Efficacy of Peer Support Arrangements to Increase Peer Interaction and AAC Use.
Team-planned peer support can triple peer interaction for students with CCN even when AAC use barely changes.
01Research in Context
What this study did
Four middle-school students with intellectual disability and complex communication needs (CCN) joined general-ed classes.
A team of teachers, speech therapist, and parents planned peer support arrangements.
Typical classmates learned to stay, wait, and prompt short AAC turns. The researchers tracked peer-to-peer talk and AAC use across baseline and intervention days.
What they found
Peer interaction jumped for every student; some tripled their back-and-forth comments.
AAC use rose only for one student.
Social gains happened even when the device stayed quiet, showing the power of planned peer support.
How this fits with other research
Leaf et al. (2012) used peer-delivered visual scripts earlier in middle school.

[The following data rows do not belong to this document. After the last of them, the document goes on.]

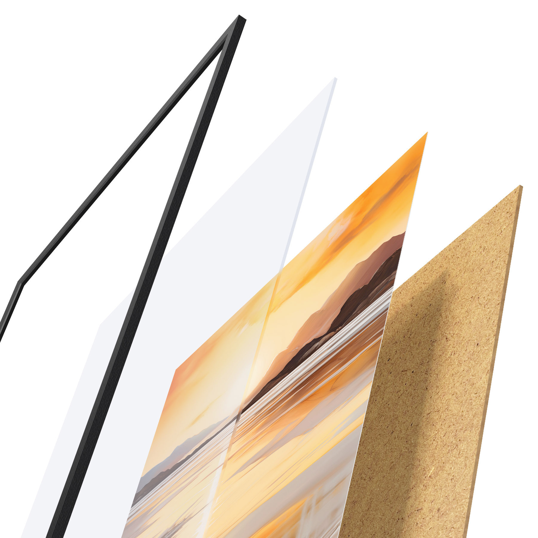 De poster bestaat uit een frame, plexiglas, geprinte afbeelding en spaanplaat achterkant. De poster kan meteen aan de muur worden gehangen dankzij de bevestigingen op de achterkant.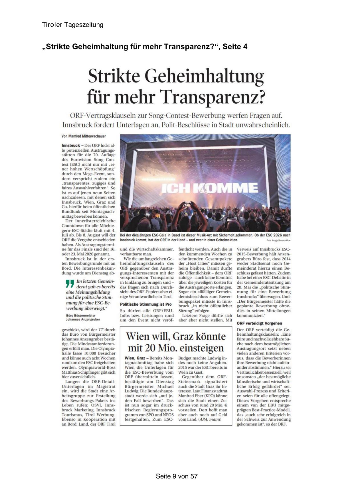 Innsbruck fordert Unterlagen an, Polit-Beschlüsse in Stadt unwahrscheinlich.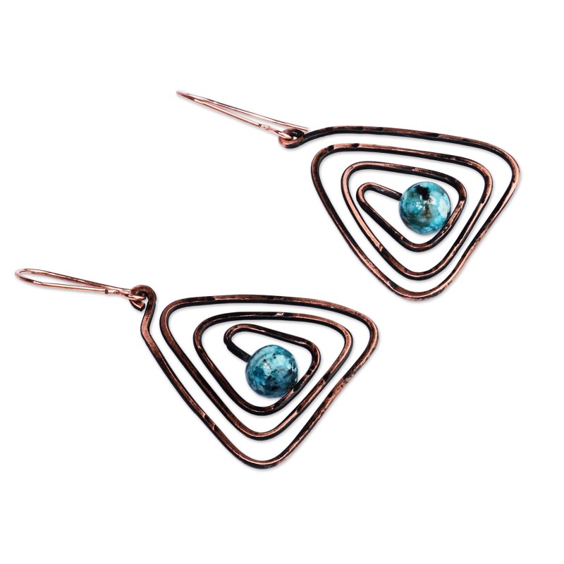 Classic triangles showcase a hypnotic path that leads you to the light of natural jade stones, whose spiritual energy conquers these copper dangle earrings by Armenia's Tsovinar Gasparyan. Made to resemble a labyrinth, these antique-finished accessories evoke the grace of the region's ancient era, which makes them perfect for any occasion.

Their single student talked more, but skills did not spread to new peers. E et al. added team planning and peer supports, lifting interaction for all four students without extra generalization steps.
Anderson et al. (2025) later trained paraeducators to give more communication chances during lessons. Both studies show the same leap in expressive turns; one used peers in gen-ed, the other used adults in special-ed.

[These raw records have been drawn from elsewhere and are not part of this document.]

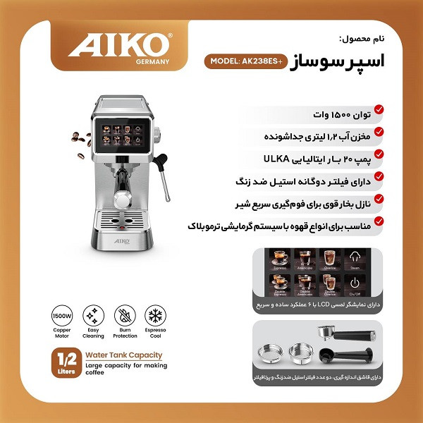 اسپرسو ساز 1200 میلیلیتر آیکو مدل 238plus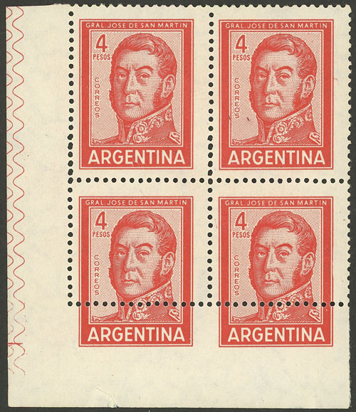 1959/64 4P. San Martín, corner block of 4 with the BOTTOM PERFORATION WITH STRONG UPWARD SHIFT (2 stamps very short, without "ARGENTINA"), MNH, excellent, rare!
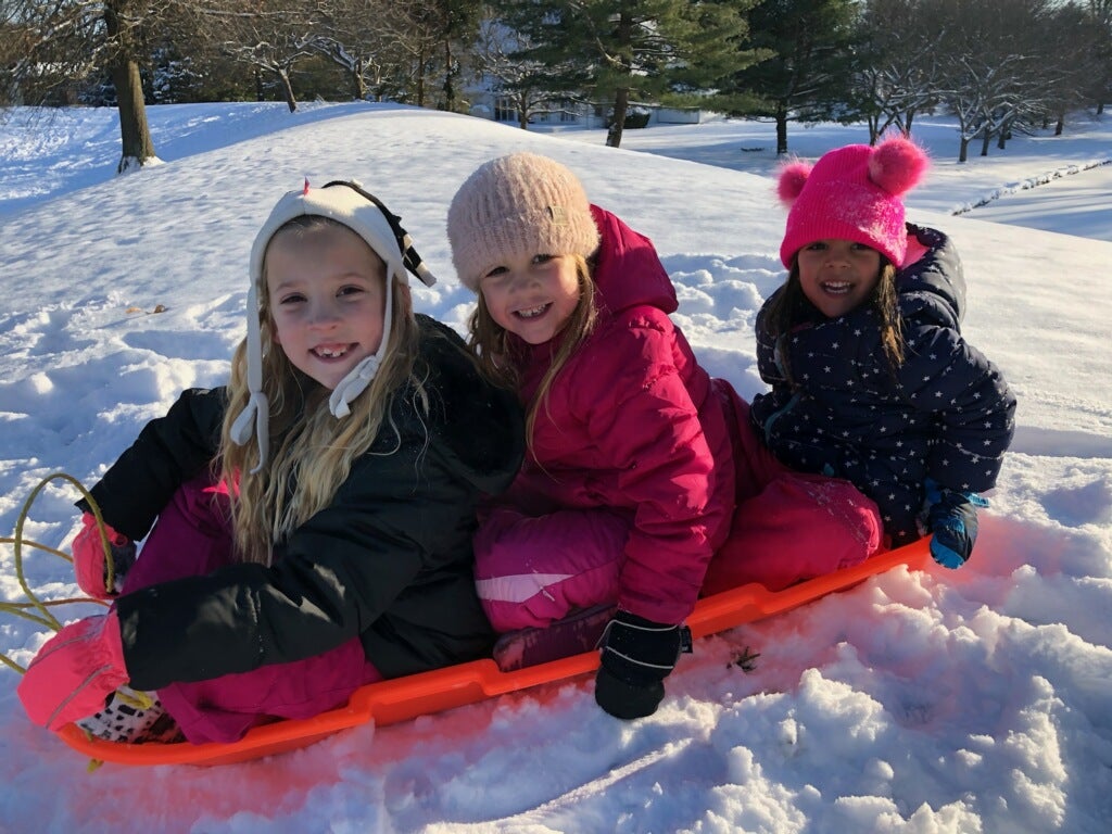 My three grandchildren, Hailey, Miley and Nora, sledding in Granville.

Klein et al. (2024) taught teachers to give augmented input in special-ed rooms. Gains were modest and took booster sessions. E et al. got bigger peer gains with less AAC focus, showing the partner can matter more than the device.
Why it matters
You can lift social life for students with CCN even if AAC skill growth is slow. Schedule a quick team meeting, pick two classmates, and teach them to stay close, wait, and comment. Track peer talk for a week; you may see the chat double before the device use moves.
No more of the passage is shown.